Estradiol stimulates the activation of phosphatidylinositol 3-kinase (PI3K) and MAPK signaling pathway. ER mediates PI3K pathway in estrogen induction of VEGF expression in the endometrium.[17] Another example of an estrogen mediated signaling pathway is tissue factory pathway inhibitor-1 (TFPI) which is regarded within the endothelium as a physiological inhibitor[45] of the tissue factor pathway of blood coagulation. TFPI may be involved in angiogenesis due to its stimulation with ER ligands. The regulation of TFPI involves post-transcriptional effects mediated by the amino-terminally truncated 45 kDa version of ERα.[46] TFPI may affect angiogenesis through peptides within its carboxyl terminus which may directly block VEGF2 activation, thereby hindering the migration of endothelial cells. [29]

Estrogen could elicit its cardioprotective effect via ER-mediated non-genomic signaling pathways.[46] Membrane ER binding results in rapid, non-genomic actions and are mediated by several pathways, such as receptor tyrosine kinases and protein kinases including PI3K, Akt, mitogen-activated protein kinase (MAPK), Src protein kinase A and C and by increasing the concentration of intracellular calcium.[47] With regard to cardiovascular events, direct membrane signaling causes vasodilatation through nitric oxide release and opening of the calcium-activated potassium channels through a NO and cyclic GMP pathway.[47] A number of studies have suggested that acute addition of 17β-estradiol to either ovary-intact females or ovariectomized females reduces ischemic reperfusion.
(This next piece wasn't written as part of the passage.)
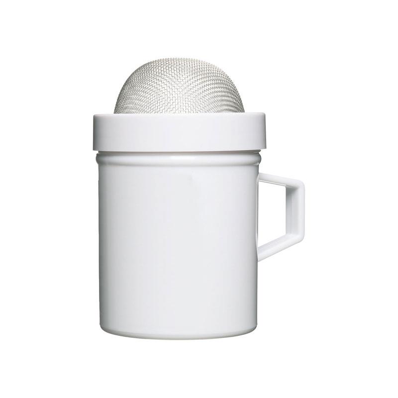 KitchenCraft Fine Mesh White Plastic Flour Shaker with Metal Sieve – Round

Some studies suggest location of ERs at the plasma membrane, where they could elicit rapid protective effects via the activation of non-genomic signaling pathways.[48]
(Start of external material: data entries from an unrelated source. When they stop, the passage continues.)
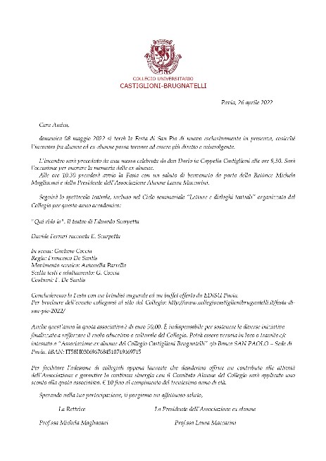 Qualche estratto dalla Lettera di San Pio 2022:"Cara Amica, domenica 8 maggio 2022 si terrà la Festa di San Pio di nuovo sclusivamente in presenza, cosicché l'incontro tra alunne ed ex-alunne possa tornare ad essere più diretto e coinvolgente. L'incontro sarà preceduto da una messa celebrata da Don Dario in Cappella Castiglioni alle ore 9.30. Sarà l'occasione per onorare la memoria delle ex alunne. Alle 10.30 prenderà avvio la Festa con un saluto di benvenuto da parte della Rettrice Michela Magliacani e dalla Presidentessa dell'Associazione Alunne Laura Maccarini. [...] Anche quest'anno la quota associativa è di 50,00 euro. è indispensabile per sostenere le diverse inizative finalizzate a rafforzare il ruolo educativo e culturale del Collegio. Potrà essere versata in loco o trmite c/c intestato a "Associazione ex alunne del Collegio Catsiglioni Brugnatelli" c/o Banca SAN PAOLO - sede di Pavia. IBAN: IT58H0306967684510749169715
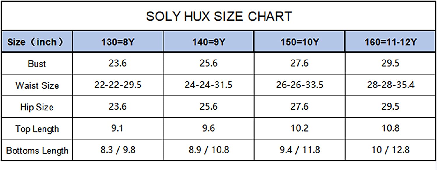 Size Chart:130=8Y: Bust: 22.8-30.7", Waist Size: 22-29.5/24-29.5", Hip Size: 24.4", Top Length: 9.1", Bottoms Length: 8.3 / 11.4", / 140=9Y: Bust: 24.8-32.7", Waist Size: 24-31.5/26-31.5", Hip Size: 26.4", Top Length: 9.6", Bottoms Length: 8.9 / 12.4", / 150=10Y: Bust: 26.8-34.6", Waist Size: 26-33.5/28-33.5", Hip Size: 28.3", Top Length: 10.2", Bottoms Length: 9.4 / 13.4", / 160=11-12Y: Bust: 28.7-36.6", Waist Size: 28-35.4/29.9-35.4", Hip Size: 30.3", Top Length: 10.8", Bottoms Length: 10 / 14.4"
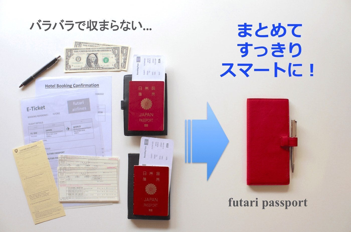 こんにちは。「ふたり」向けに特化し、”旅”や”食”などライフスタイル商品を作っているfutari styleと申します。今回ご紹介する「futari passport」は、大切なパートナーとの旅(人生)を、もっと楽しく、もっと幸せにする、つながる夫婦のパスポートケースです。

Estrogen critically can bind at different receptors to initiate acute signaling pathway.[8] It alters different levels of proteins and signaling pathways, leading to posttranslational modifications that alter protein activities. A direct protein-protein interaction between ligand-activated ERα and the regulatory subunit p85 of PI3K in endothelial cells through a non-genomic mechanism by which E2 rapidly stimulates eNOS via the activation of PI3K/Akt would lead to downstream activation of NOS/NO/SNO signaling. This clearly suggested that ERα activation of PI3K might play a role in cardio-protection.[49]
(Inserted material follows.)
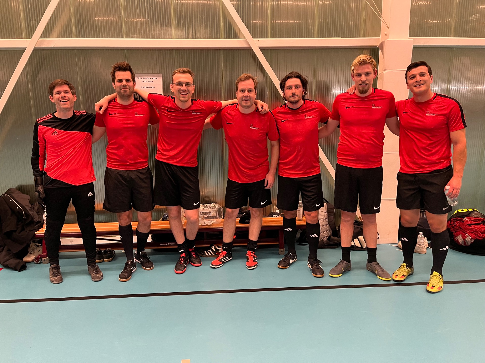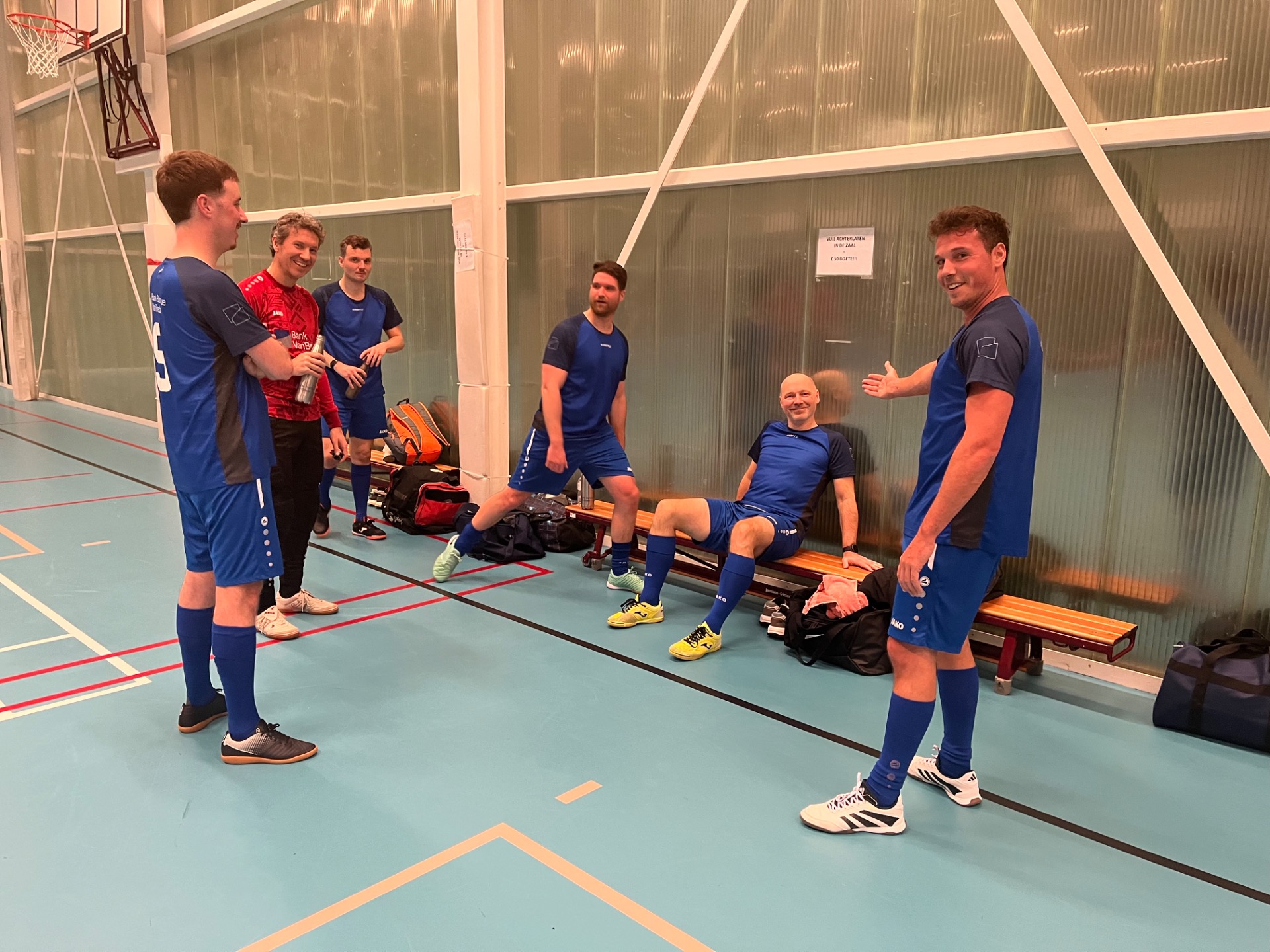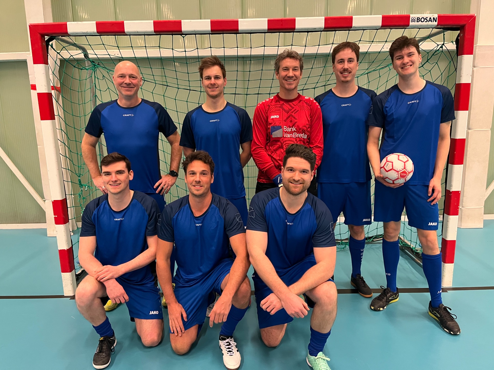 De allereerste wedstrijd van het nieuwe seizoen 2025-2026 werd geopend door regerend kampioen Bank van Breda tegen nieuwkomer Craftzing. Voorwaar geen lachtertje voor Craftzing, zo zou blijken later op de avond. Na het gebruikelijke aftoetsen werd in de 6' de stand geopend door Thomas De Bruin voor de bankjongens: 1-0. Prompt werd een minuutje later tegen gescoord door Thomas Verleye van Craftzing, die goed gevolgd was en makkelijk kon binnenprikken. De bordjes hingen weer gelijk (1-1)! Vlak erop een enig mooie volley op corner door Thomas Van Orshaegen dat wel meer verdiende en aan de overkant schoot Lucas Van Eynde voorlangs. op de 12' nam Thomas De Bruin een corner die via Simon Enthoven bij Lucas Van Eynde terecht kwam die simpelweg kon binnentikken aan de eerste paal (2-1). Ook de 3-1 kwam van zijn voet. De twee volgende doelpunten nam Simon Enthoven op zijn konto en zo stond het op de 20' 5-1. We gingen rusten met 5-1 in het voordeel van de bankiers. Na rust werd het 5-1 door Tom Franck na een mispoes bij de spelhervatting door Craftzing. Op de 33' milderde Thomas Van Orshaegen enig mooi tot 6-2, maar vijf min. later liep BvB weer verder uit via Alex Coucke (7-2). Vervolgens scoorde Lucas Van Eynde de 8-2 en 9-2 tegen de netten; kon Craftzing nog eens tegenscoren via Thomas Verleye en legde Alex Coucke de eindstand vast: 10-3. Voetbaltechnisch waren de bankiers wel wat beter dan hun opponent, maar zonder doelman Ben Stevens had de score nog hoger kunnen oplopen....

NOS can be signaled via S-nitrosylation (SNO) and SNO levels are mediated by activation of estrogen. Some research work also suggested that ERβ agonist could increase the SNO of a series of proteins in ovariectomized females.[50]

Conclusions

Angiogenesis plays an important role in the physiological and pathological process in cardiovascular diseases. ECs is a major physiological factor leading to these cardiovascular diseases which are most prominent in menopausal women. Therefore the understanding of the molecular mechanisms within the ECs is very important. The processes of cell migration and cell proliferation within the ECs determine the development of new vessels. Angiogenic factors like VEGF and FGF play very critical roles in the development of these new vessels. Some proteins like ARIA regulates P13K pathways within the ECs and SR-B1 activates signals in the endothelium through which promotes angiogenesis but more studies are required for better understanding of the molecular pathway leading to cell proliferation in ECs.

The role of estrogens has been fully established in the proliferation of cells, which as we have shown is a key factor for angiogenesis. The two estrogen receptors, ERα and ERβ, play critical roles in the binding estradiol ligands which acts as agonists of several signaling pathways leading to angiogenesis. Studies have shown that the estrogen receptors are selective in their actions and ERα is more receptive to the binding of Estradiol.